══ MATERIALS PROVIDED ══
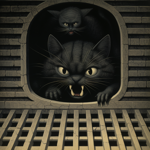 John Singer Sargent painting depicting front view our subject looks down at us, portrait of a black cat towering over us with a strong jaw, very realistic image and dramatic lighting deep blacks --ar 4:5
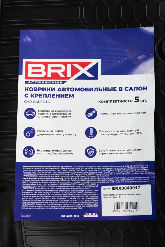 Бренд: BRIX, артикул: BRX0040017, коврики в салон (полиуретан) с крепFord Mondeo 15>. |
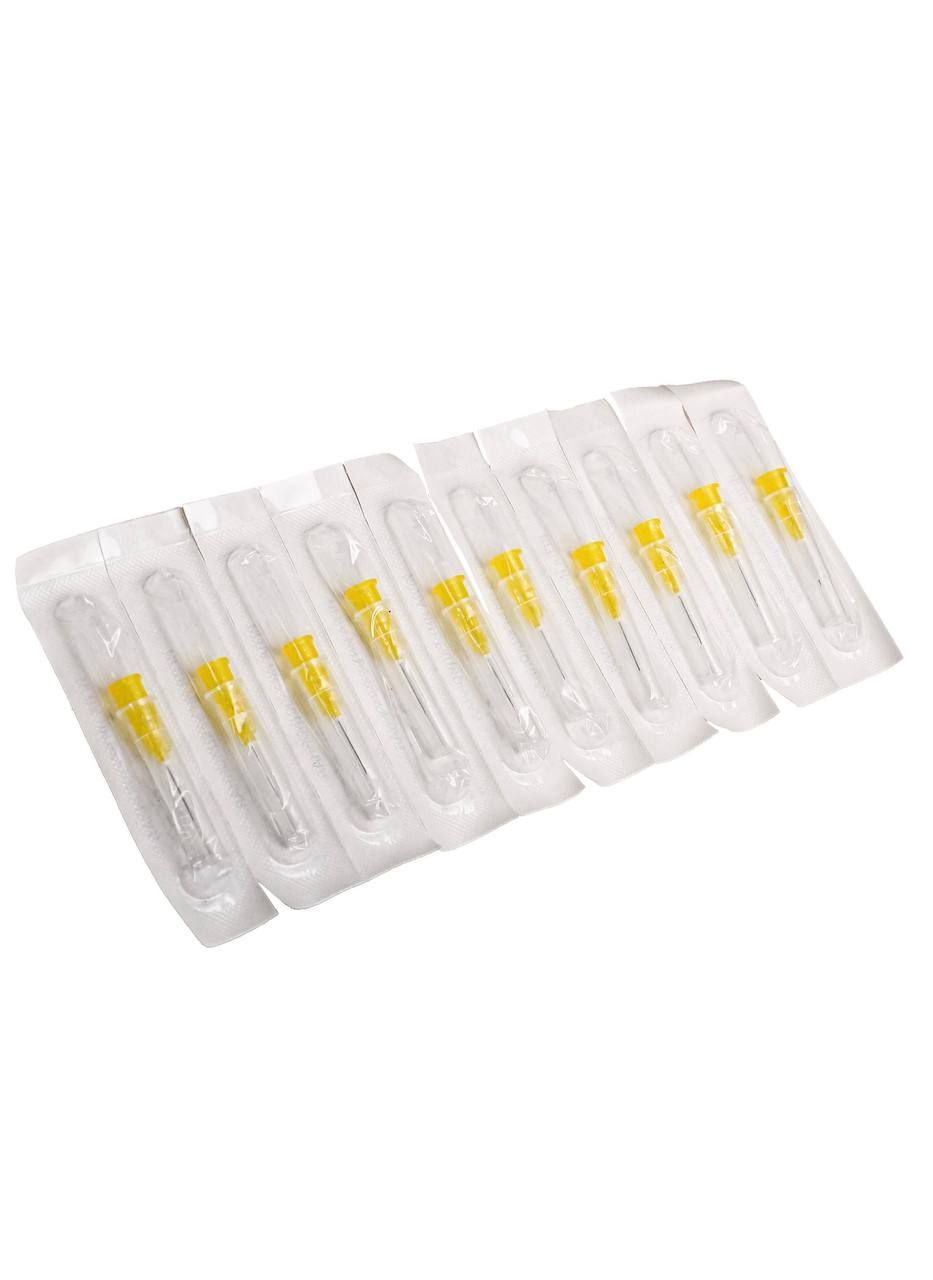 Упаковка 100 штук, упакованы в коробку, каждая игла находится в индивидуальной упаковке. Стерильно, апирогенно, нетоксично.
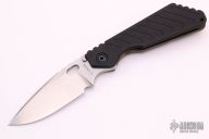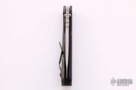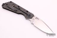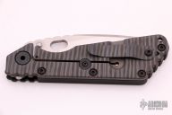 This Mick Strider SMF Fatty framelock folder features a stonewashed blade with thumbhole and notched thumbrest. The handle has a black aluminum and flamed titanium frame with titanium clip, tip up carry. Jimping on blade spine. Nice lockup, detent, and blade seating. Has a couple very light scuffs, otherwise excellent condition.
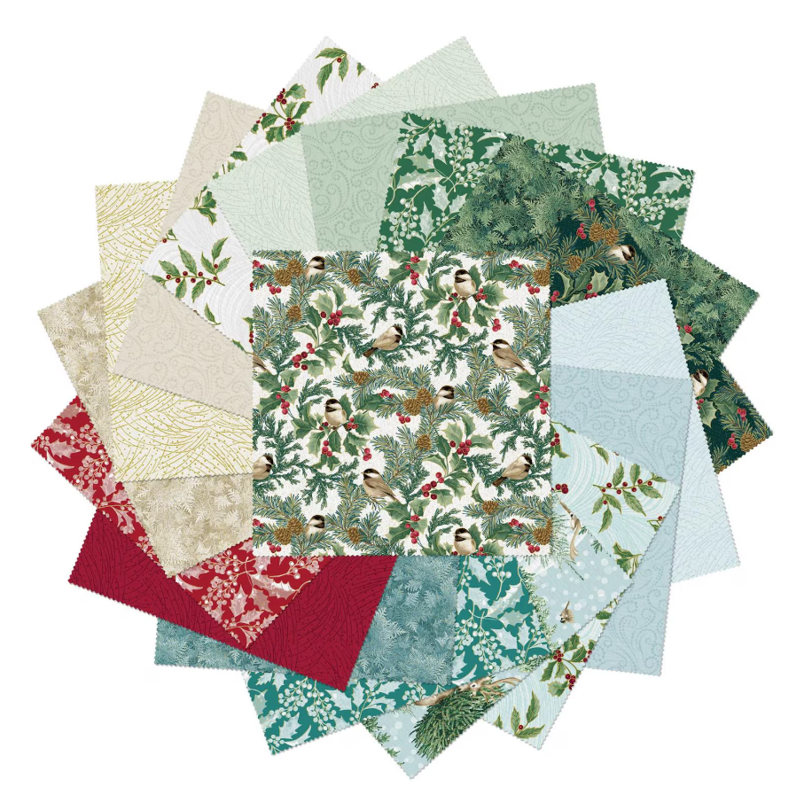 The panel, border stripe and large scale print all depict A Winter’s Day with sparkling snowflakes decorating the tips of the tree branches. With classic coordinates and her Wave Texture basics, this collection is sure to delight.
═══
## EXERCISE OBJECTIVE
Exact reproduction is required for the lines from the one containing "Бренд: BRIX, артикул: BRX0040017, коврики" through the end of the material, and for those lines only, without pictures.

## WRITTEN ANSWER
 Бренд: BRIX, артикул: BRX0040017, коврики в салон (полиуретан) с крепFord Mondeo 15>. |
 Упаковка 100 штук, упакованы в коробку, каждая игла находится в индивидуальной упаковке. Стерильно, апирогенно, нетоксично.
 This Mick Strider SMF Fatty framelock folder features a stonewashed blade with thumbhole and notched thumbrest. The handle has a black aluminum and flamed titanium frame with titanium clip, tip up carry. Jimping on blade spine. Nice lockup, detent, and blade seating. Has a couple very light scuffs, otherwise excellent condition.
 The panel, border stripe and large scale print all depict A Winter’s Day with sparkling snowflakes decorating the tips of the tree branches. With classic coordinates and her Wave Texture basics, this collection is sure to delight.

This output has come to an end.